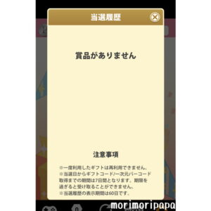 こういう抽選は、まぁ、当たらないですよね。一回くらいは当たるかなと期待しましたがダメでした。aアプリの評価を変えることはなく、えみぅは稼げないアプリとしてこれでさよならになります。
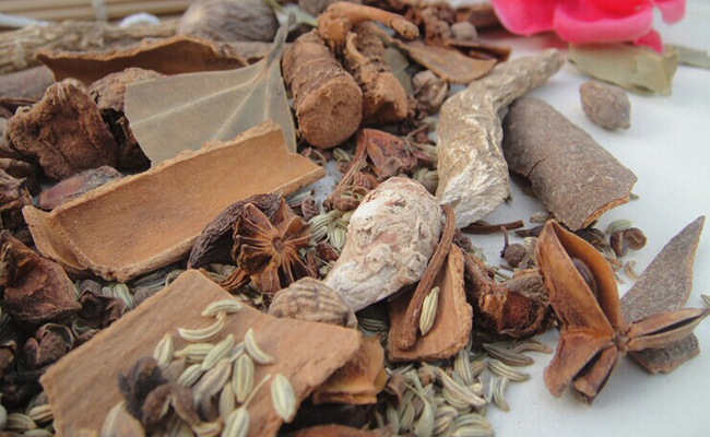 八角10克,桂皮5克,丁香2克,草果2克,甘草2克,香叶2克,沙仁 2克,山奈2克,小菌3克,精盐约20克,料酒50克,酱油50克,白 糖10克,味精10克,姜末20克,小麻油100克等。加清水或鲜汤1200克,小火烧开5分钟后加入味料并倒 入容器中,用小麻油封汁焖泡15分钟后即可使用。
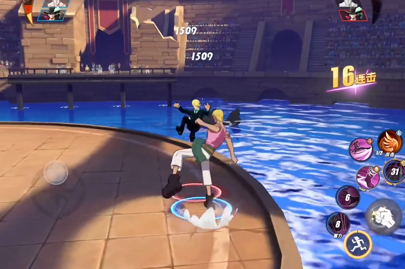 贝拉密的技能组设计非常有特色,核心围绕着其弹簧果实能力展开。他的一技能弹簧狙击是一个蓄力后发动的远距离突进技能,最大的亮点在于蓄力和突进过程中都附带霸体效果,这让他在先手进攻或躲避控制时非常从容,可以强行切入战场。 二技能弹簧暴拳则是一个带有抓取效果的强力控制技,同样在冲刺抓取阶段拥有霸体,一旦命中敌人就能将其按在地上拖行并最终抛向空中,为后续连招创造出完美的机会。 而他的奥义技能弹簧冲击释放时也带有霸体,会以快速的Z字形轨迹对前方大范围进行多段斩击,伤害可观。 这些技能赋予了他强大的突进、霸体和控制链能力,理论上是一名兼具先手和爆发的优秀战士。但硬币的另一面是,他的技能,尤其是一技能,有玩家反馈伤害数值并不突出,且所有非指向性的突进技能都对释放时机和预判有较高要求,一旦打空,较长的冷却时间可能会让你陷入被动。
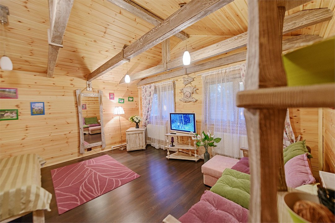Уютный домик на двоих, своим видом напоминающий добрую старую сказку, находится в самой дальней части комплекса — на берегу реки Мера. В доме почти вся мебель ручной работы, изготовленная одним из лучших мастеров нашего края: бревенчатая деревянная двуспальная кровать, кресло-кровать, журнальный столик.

==

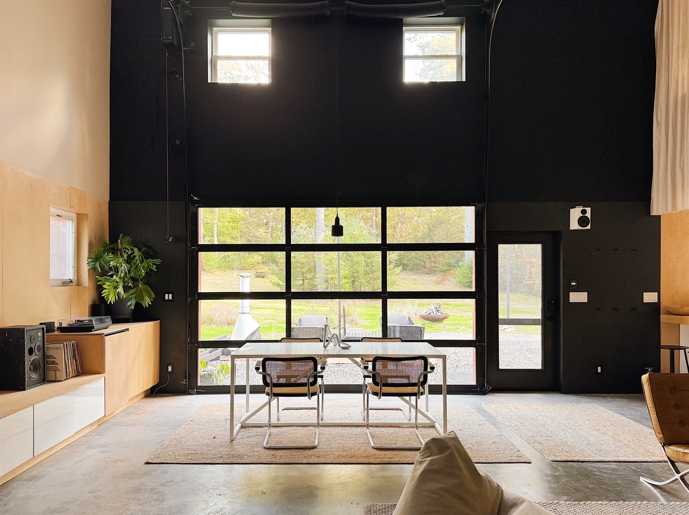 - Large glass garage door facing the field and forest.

--

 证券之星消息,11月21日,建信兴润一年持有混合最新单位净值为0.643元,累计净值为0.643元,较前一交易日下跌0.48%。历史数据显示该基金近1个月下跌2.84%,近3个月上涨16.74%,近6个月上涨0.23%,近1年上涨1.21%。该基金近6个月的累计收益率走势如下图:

▶ WHAT YOU SHOULD DO: Your reply should hold nothing but the lines above, from the one containing "こういう抽選は、まぁ、当たら" to the one containing "Уютный домик на", reproduced exactly minus the pictures.

▶ ANSWER TO THIS EXERCISE:
 こういう抽選は、まぁ、当たらないですよね。一回くらいは当たるかなと期待しましたがダメでした。aアプリの評価を変えることはなく、えみぅは稼げないアプリとしてこれでさよならになります。
 八角10克,桂皮5克,丁香2克,草果2克,甘草2克,香叶2克,沙仁 2克,山奈2克,小菌3克,精盐约20克,料酒50克,酱油50克,白 糖10克,味精10克,姜末20克,小麻油100克等。加清水或鲜汤1200克,小火烧开5分钟后加入味料并倒 入容器中,用小麻油封汁焖泡15分钟后即可使用。
 贝拉密的技能组设计非常有特色,核心围绕着其弹簧果实能力展开。他的一技能弹簧狙击是一个蓄力后发动的远距离突进技能,最大的亮点在于蓄力和突进过程中都附带霸体效果,这让他在先手进攻或躲避控制时非常从容,可以强行切入战场。 二技能弹簧暴拳则是一个带有抓取效果的强力控制技,同样在冲刺抓取阶段拥有霸体,一旦命中敌人就能将其按在地上拖行并最终抛向空中,为后续连招创造出完美的机会。 而他的奥义技能弹簧冲击释放时也带有霸体,会以快速的Z字形轨迹对前方大范围进行多段斩击,伤害可观。 这些技能赋予了他强大的突进、霸体和控制链能力,理论上是一名兼具先手和爆发的优秀战士。但硬币的另一面是,他的技能,尤其是一技能,有玩家反馈伤害数值并不突出,且所有非指向性的突进技能都对释放时机和预判有较高要求,一旦打空,较长的冷却时间可能会让你陷入被动。
Уютный домик на двоих, своим видом напоминающий добрую старую сказку, находится в самой дальней части комплекса — на берегу реки Мера. В доме почти вся мебель ручной работы, изготовленная одним из лучших мастеров нашего края: бревенчатая деревянная двуспальная кровать, кресло-кровать, журнальный столик.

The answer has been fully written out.